* What you should do
Required from the data below: the exact lines starting at the line containing "- 东莞舞蹈版权注册公司一览:专业注册服务供应商推荐。" and ending at the line containing "We provide new", with both ends kept and all pictures dropped.

* Records shown
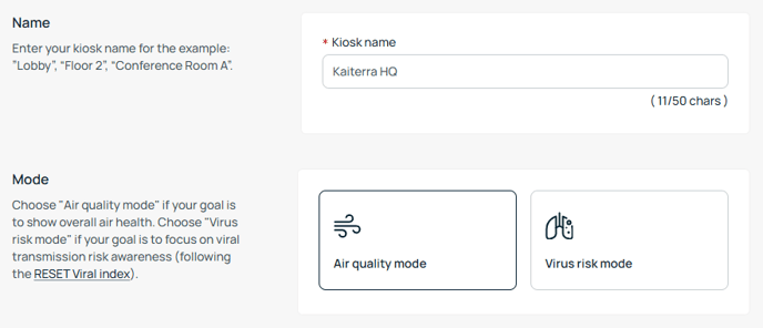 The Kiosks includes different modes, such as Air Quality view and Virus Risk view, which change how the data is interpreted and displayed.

...

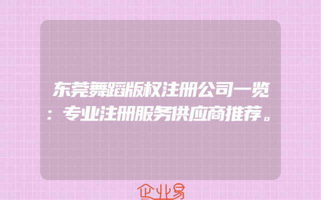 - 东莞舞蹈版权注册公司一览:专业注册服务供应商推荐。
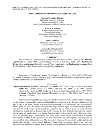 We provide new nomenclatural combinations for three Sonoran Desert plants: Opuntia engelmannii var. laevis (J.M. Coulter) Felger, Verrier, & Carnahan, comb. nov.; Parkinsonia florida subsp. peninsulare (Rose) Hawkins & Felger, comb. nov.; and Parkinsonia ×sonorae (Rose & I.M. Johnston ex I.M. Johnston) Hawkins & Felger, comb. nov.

* * *

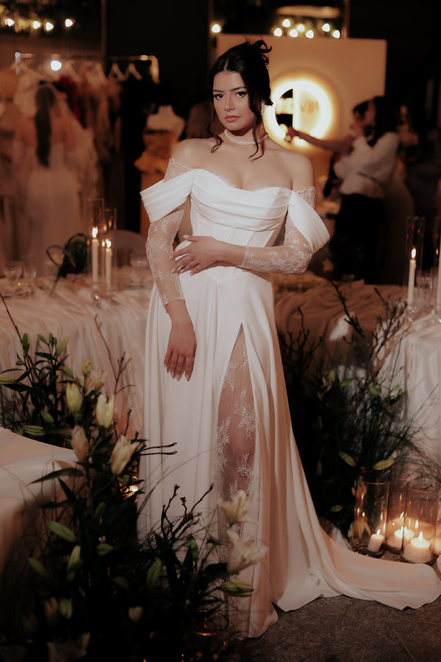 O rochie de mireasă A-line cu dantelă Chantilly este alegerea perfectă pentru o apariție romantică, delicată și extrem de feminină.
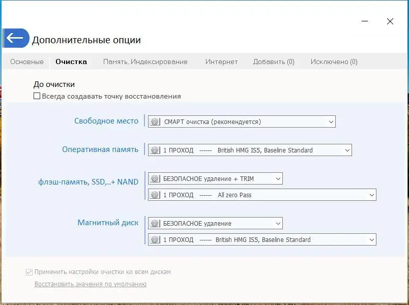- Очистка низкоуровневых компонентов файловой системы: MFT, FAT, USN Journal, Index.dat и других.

* The completed task
 - 东莞舞蹈版权注册公司一览:专业注册服务供应商推荐。
 We provide new nomenclatural combinations for three Sonoran Desert plants: Opuntia engelmannii var. laevis (J.M. Coulter) Felger, Verrier, & Carnahan, comb. nov.; Parkinsonia florida subsp. peninsulare (Rose) Hawkins & Felger, comb. nov.; and Parkinsonia ×sonorae (Rose & I.M. Johnston ex I.M. Johnston) Hawkins & Felger, comb. nov.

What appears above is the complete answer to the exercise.